Wednesday, July 20, 2011

Day 6: 7 20- reasoning

Of all the challenges that come with riding the bus, the most difficult for me is getting people to understand why I ride the bus.   My reasons for riding the bus are three-fold:

1.  Because I can.
2.  Environmental consciousness: Some of our buses are green, but in addition I'm keeping one car off the road and taking advantage of a system already in place.
3.  The schedule fits my own.

I am riding the bus even though I can still afford gas money.  I am riding the bus even though I have a car that runs perfectly fine (well as fine as a car with 107,000 miles on it).

Most of my coworkers and friends assume there is a reason for me riding the bus, something more substantial than I am riding the bus to ride the bus.  One co-worker asked me question after question trying to figure out what the deeper reason was for me riding the bus.  Is it expense? Is your car broken?  But why?  Why?

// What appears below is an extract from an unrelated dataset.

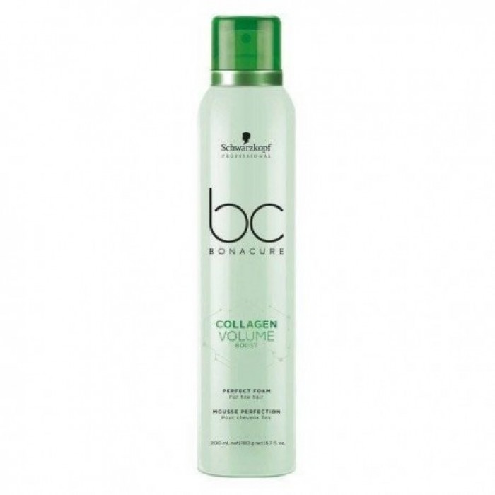 Мус для прикореневого об'єму волосся простий і зручний у використанні. З ним локони будуть більш пишними, легкими, шовковистим і блискучим. У складі Schwarzkopf Professional BC Collagen Volume Boost Perfect Foam немає силіконів. Комплекс амінокислот покращує стан пасм, сприяючи їх зміцненню і відновленню. Завдяки унікальній формулі мус не липкий, легко розподіляється по всій довжині, швидко висихає при укладанні.
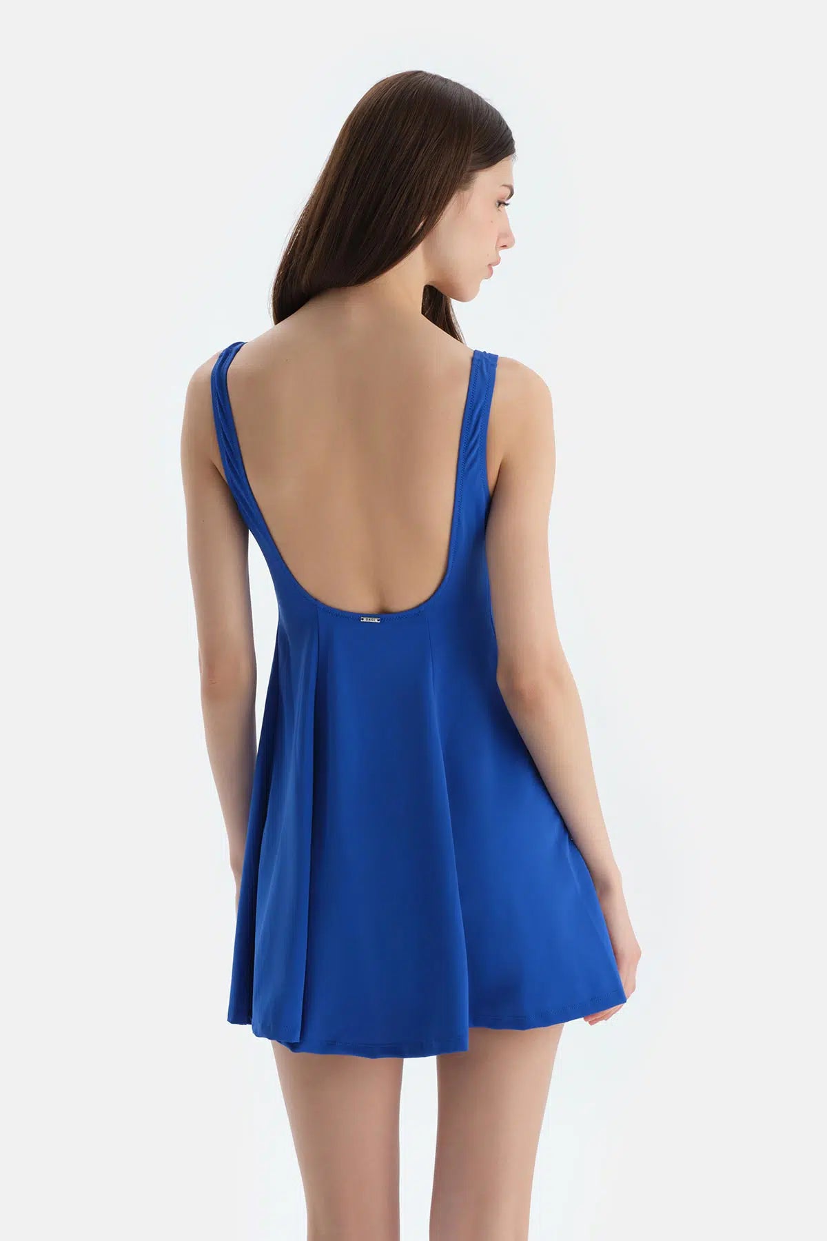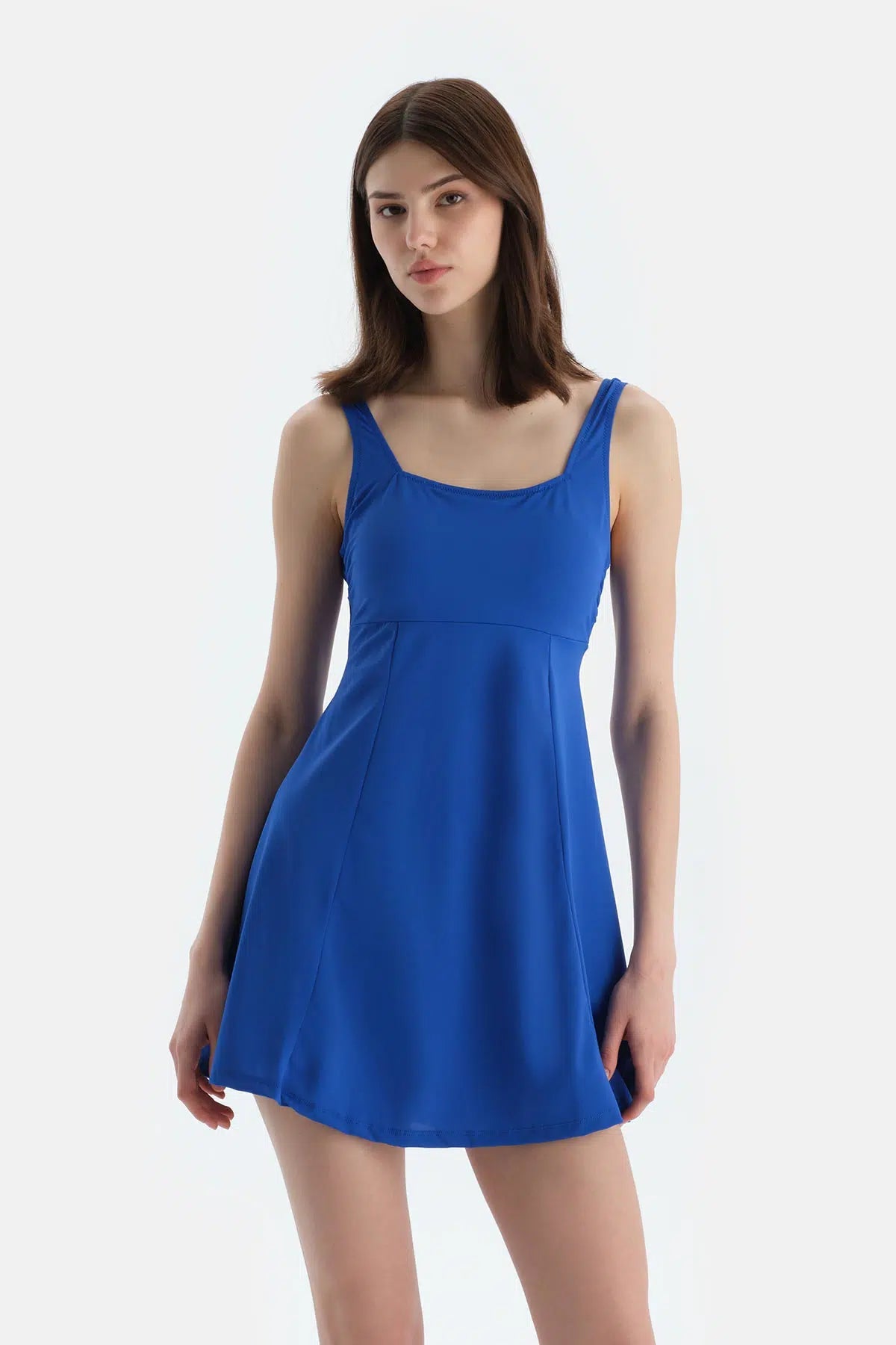 Sax Mavisi Kare Yaka Elbiseli Mayo

Now that am I bus rider, I have found a million other reasons to ride the bus.  It changes my perspective. I get to glance out a window or read a book on the way to work. I see and interact with people I would have never crossed paths with before.   It changes my stress levels. When I drive I am frustrated driving behind a bus, but when I am on the bus, I hardly notice the stops. I have a few more minutes a day to read, stare out a window, smile at strangers.  It's off my beaten path. My days are different now, the days I ride the bus I walk over a mile to and from the stops.  I plan  my days out better, I have to plan out my weeks better.

There are certainly some down sides to riding the bus, but the one reason everyone seems to gravitate towards is lack of freedom.  Yes, I am essentially stuck at work during the day and yes I am tied to the predetermined schedules, but that doesn't bother me at all.  There isn't anywhere that I would normally go that the bus can't take me.

The reasons to me are clear, if not understood by most.